■ **DATA TO USE**
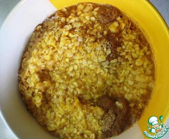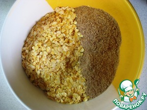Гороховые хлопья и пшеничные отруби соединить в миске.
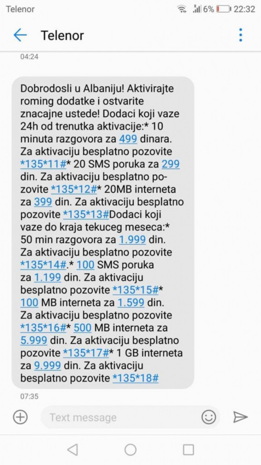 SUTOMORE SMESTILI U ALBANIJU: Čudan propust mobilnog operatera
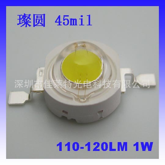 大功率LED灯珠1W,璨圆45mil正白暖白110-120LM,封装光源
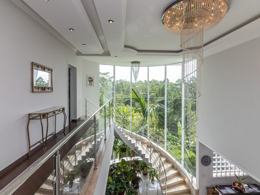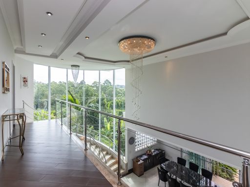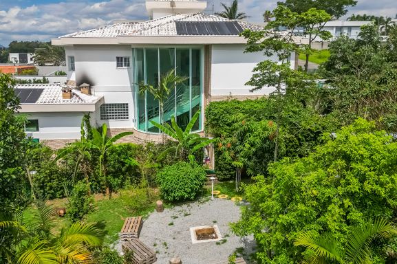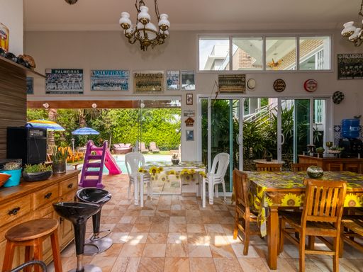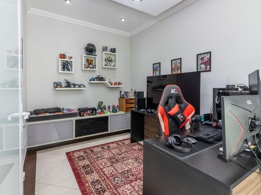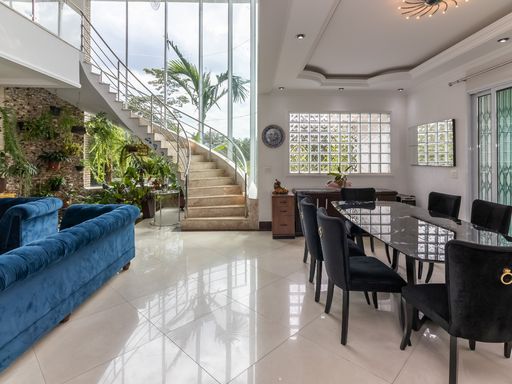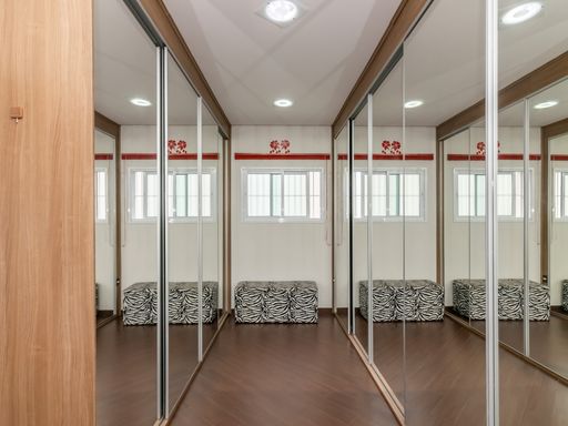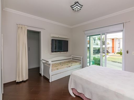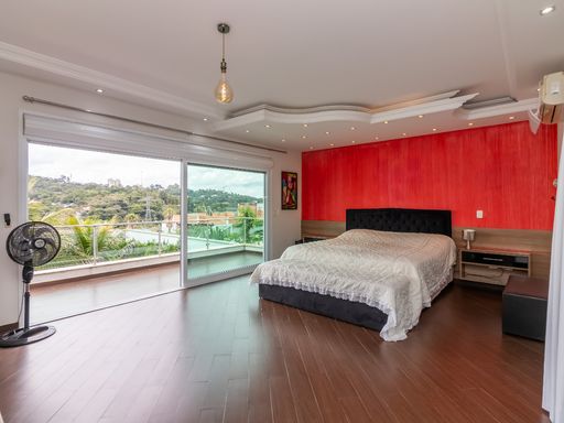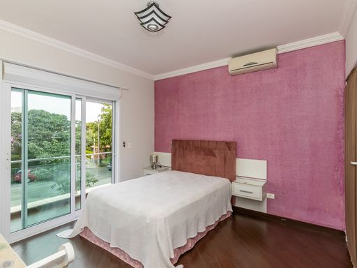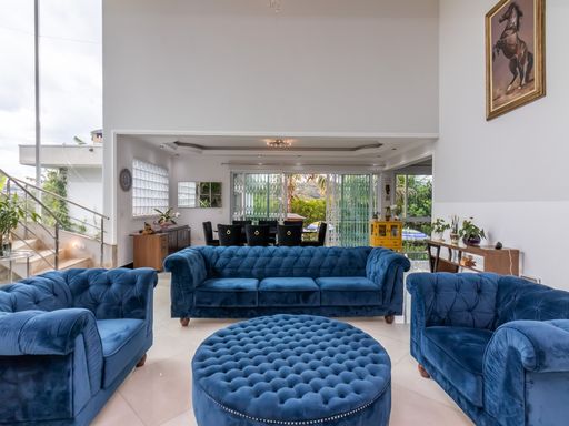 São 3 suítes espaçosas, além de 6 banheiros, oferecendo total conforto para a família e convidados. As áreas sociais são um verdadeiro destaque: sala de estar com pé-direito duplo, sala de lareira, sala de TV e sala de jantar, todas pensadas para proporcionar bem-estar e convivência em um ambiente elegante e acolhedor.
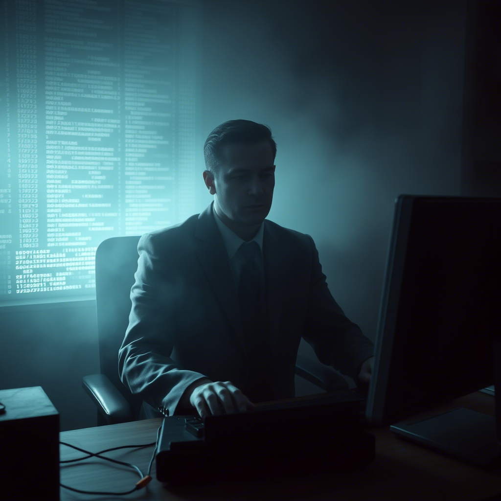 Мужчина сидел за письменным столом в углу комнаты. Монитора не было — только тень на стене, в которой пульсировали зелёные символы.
==
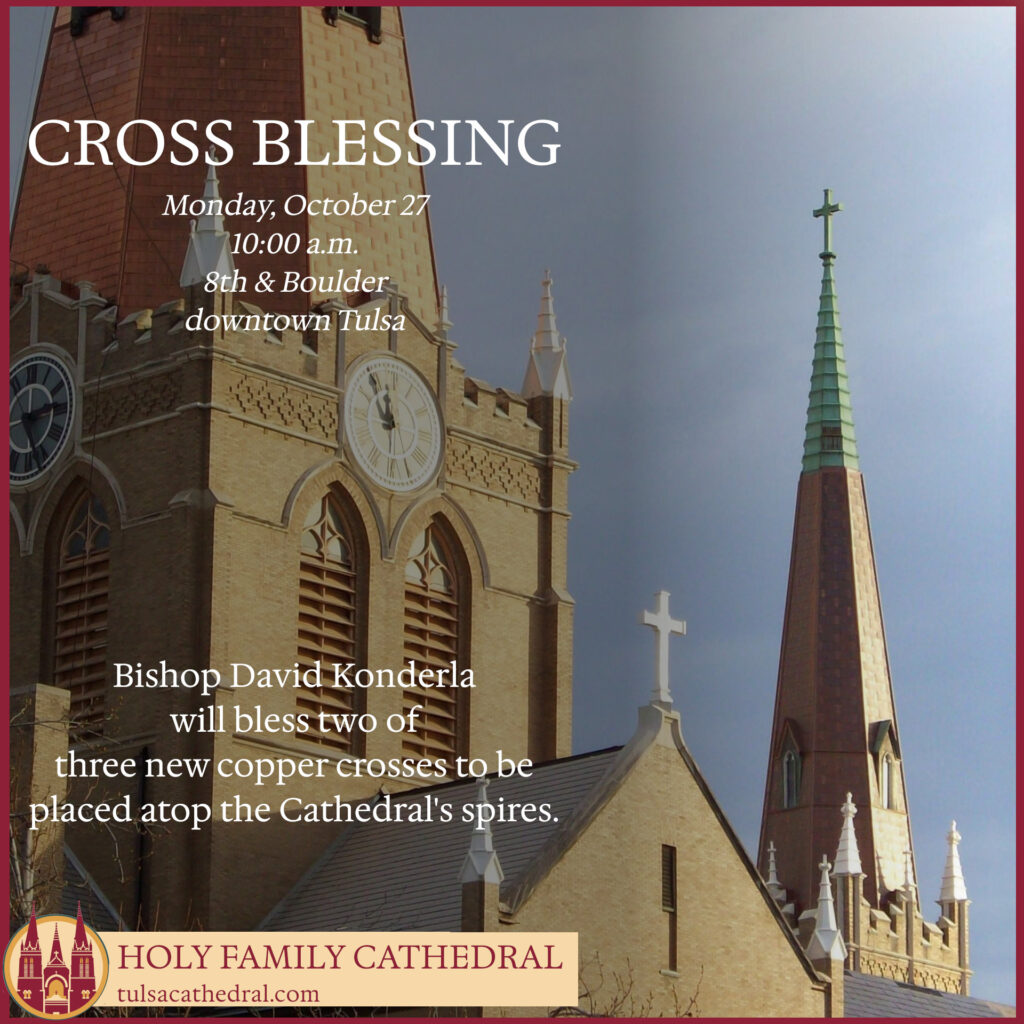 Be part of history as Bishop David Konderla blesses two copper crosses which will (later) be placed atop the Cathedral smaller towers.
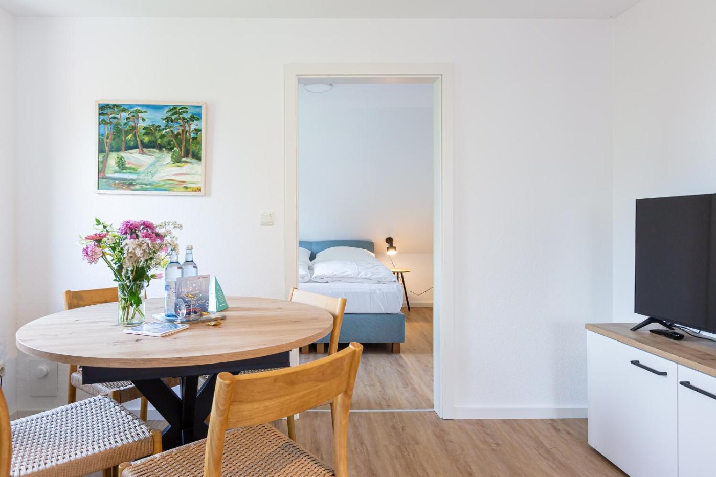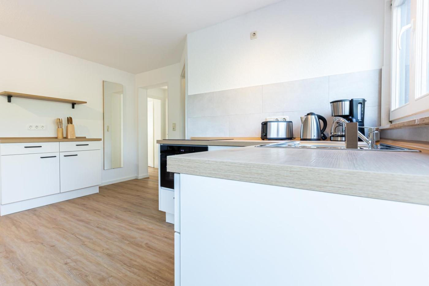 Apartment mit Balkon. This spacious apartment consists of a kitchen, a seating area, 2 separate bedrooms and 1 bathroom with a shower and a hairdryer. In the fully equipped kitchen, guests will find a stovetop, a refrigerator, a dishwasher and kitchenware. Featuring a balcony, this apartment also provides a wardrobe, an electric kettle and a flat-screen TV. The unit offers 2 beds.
---
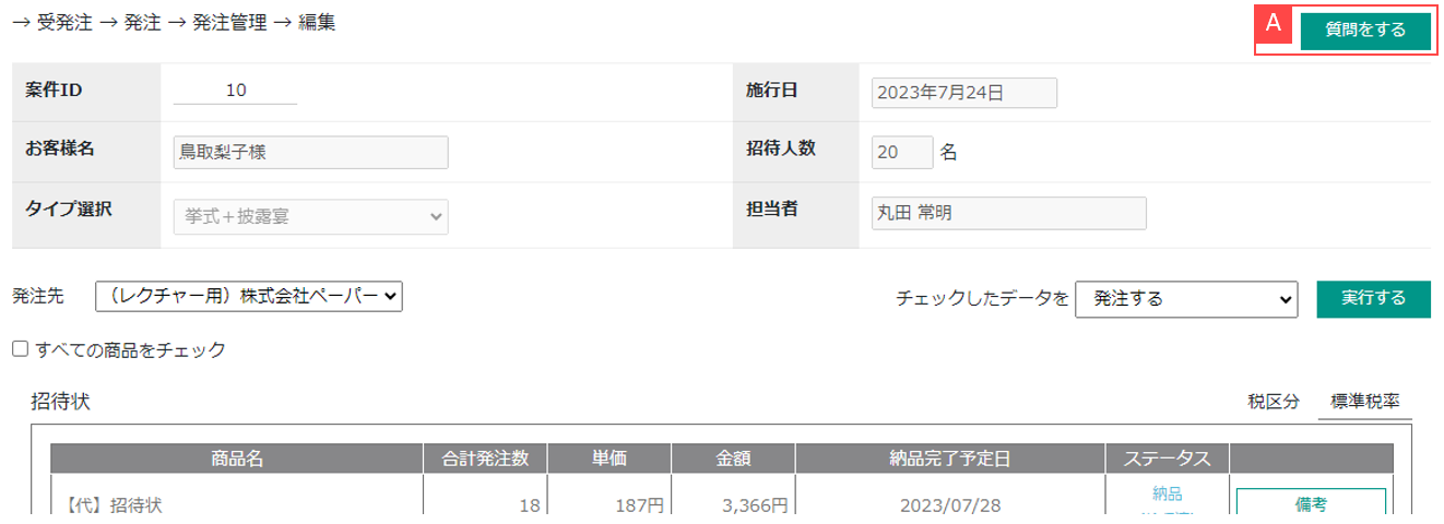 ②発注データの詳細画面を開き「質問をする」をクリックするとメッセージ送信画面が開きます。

■ **EXERCISE OBJECTIVE**
Of the lines above, quote exactly those from the one with "Be part of history" through the one with "Apartment mit Balkon.", ends included; pictures stay out.

■ **ANSWER FOR THE TASK**
 Be part of history as Bishop David Konderla blesses two copper crosses which will (later) be placed atop the Cathedral smaller towers.
 Apartment mit Balkon. This spacious apartment consists of a kitchen, a seating area, 2 separate bedrooms and 1 bathroom with a shower and a hairdryer. In the fully equipped kitchen, guests will find a stovetop, a refrigerator, a dishwasher and kitchenware. Featuring a balcony, this apartment also provides a wardrobe, an electric kettle and a flat-screen TV. The unit offers 2 beds.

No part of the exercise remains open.